Both the Alamire Foundation (KU Leuven) and the Orpheus Instituut in Ghent made room for HIP approaches to research and performance, with support from growing library collections and donations from Fred Schneyderberg, Dirk Snellings, Herman Baeten, Musica and Pieter Andriessen (Alamire Foundation) and Ton Koopman (Orpheus Instituut) respectively. Organisations such as the Ruckers Genootschap (Antwerp) have also stimulated both performance and performance practice since 1969.

Government support

In this varied landscape that emerged between 1950 and 2000, it is striking that 19 of the 29 ensembles listed in Table 1 are still active in 2020. This is not explained by their persistence, increase in quality, professional commitment and artistic success alone, but also by the support they have received from government bodies, notably the Flemish Government. In the 1990s, this support was provided by means of the title of “Cultural Ambassador of Flanders”, which was granted to ensembles and individual musicians. From 1999 onwards, structural financing was awarded through the Music Decree, and since 2006 through the Arts Decree, with amended versions in force in 2013 and 2018.

Another factor that aided the growth and flourishing of early music ensembles was the growing recognition of historically informed performance practice by record labels, radio stations, print media, concert halls and festivals.


Several radio stations, as well as record and CD labels such as Archiv Produktion (Deutsche Grammophon), EMI (especially the Reflexe series), Erato, L’Oiseau-Lyre, Teldec, Harmonia Mundi and Deutsche Harmonia Mundi, played an important role in distributing HIP performances and turning them into a standard. Among the labels in Flanders, Accent Records had an important role in early music. The label was set up in 1978 by the instrument maker Andreas Glatt and his wife, the viol player Adelheid Junghänel.
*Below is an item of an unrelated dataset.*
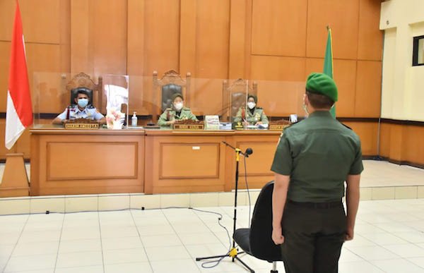Jakarta, Karosatuklik.com – Prada M. Ilham tersangka pelaku utama penyebaran berita bohong yang mengakibatkan penyerangan Polsek Ciracas yang dilakukan oleh 77 orang oknum prajurit TNI pada Agustus Tahun 2020 menjalani sidang pembacaan putusan di Pengadilan Militer II-8, Jakarta Timur, Kamis (29/4/2021).

Accent worked closely with the BRT, the Belgian state broadcaster at the time, through the person of Pieter Andriessen, who was responsible for early music on Radio 3. Glatt and Andriessen brought legendary recordings onto the market, featuring key ensembles and musicians of the day, including La Colombina, La Petite Bande, Currende, Concerto Palatino, the Kuijken Trio and Ensemble, Jos Van Immerseel, Octophoros, and Ensemble Daedalus.

The CD label Eufoda appeared on the market in 1986. It made its mark on the early music scene with the publication of a ten-part CD series dedicated to Flemish polyphony, with the organist and harpsichordist Johan Huys in charge of the recordings. The book Vlaamse polyfonie by Ignace Bossuyt was published in parallel by Davidsfonds (1994). This was also the period in which Jan Michiels started recording for Eufoda on historic pianos (including an Erard from 1894 and a Bösendorfer from 1899). Huys also produced individual early music CDs with ensembles such as Zefiro Torna, the Capilla Flamenca and La Caccia. Moreover, Huys and Florian Heyerick worked as producers (often at Studio Steurbaut in Ghent) for labels such as René Gailly. The first productions by the Passacaille label appeared in 1994, with a recording by Il Fondamento of overtures and sinfonias by Carl Friedrich Abel and Johann Joseph Fux. On the French-speaking side of the country, Jérôme Lejeune set up his label Ricercar in 1980.

Historically, the Westdeutsche Rundfunk (WDR) was of crucial importance – for Flanders as well. It is the only broadcaster in Europe that still has an early music department today. Producers such as Alfred Krings (Harmonia Mundi, later WDR as well) and Klaus L. Neumann played an absolutely vital role, helping to launch ensembles such as La Petite Bande and larger productions with soloists such as René Jacobs, Greta De Reyghere, Jos Van Immerseel, Paul Dombrecht, Marcel Ponseele and Guy de Mey.(22)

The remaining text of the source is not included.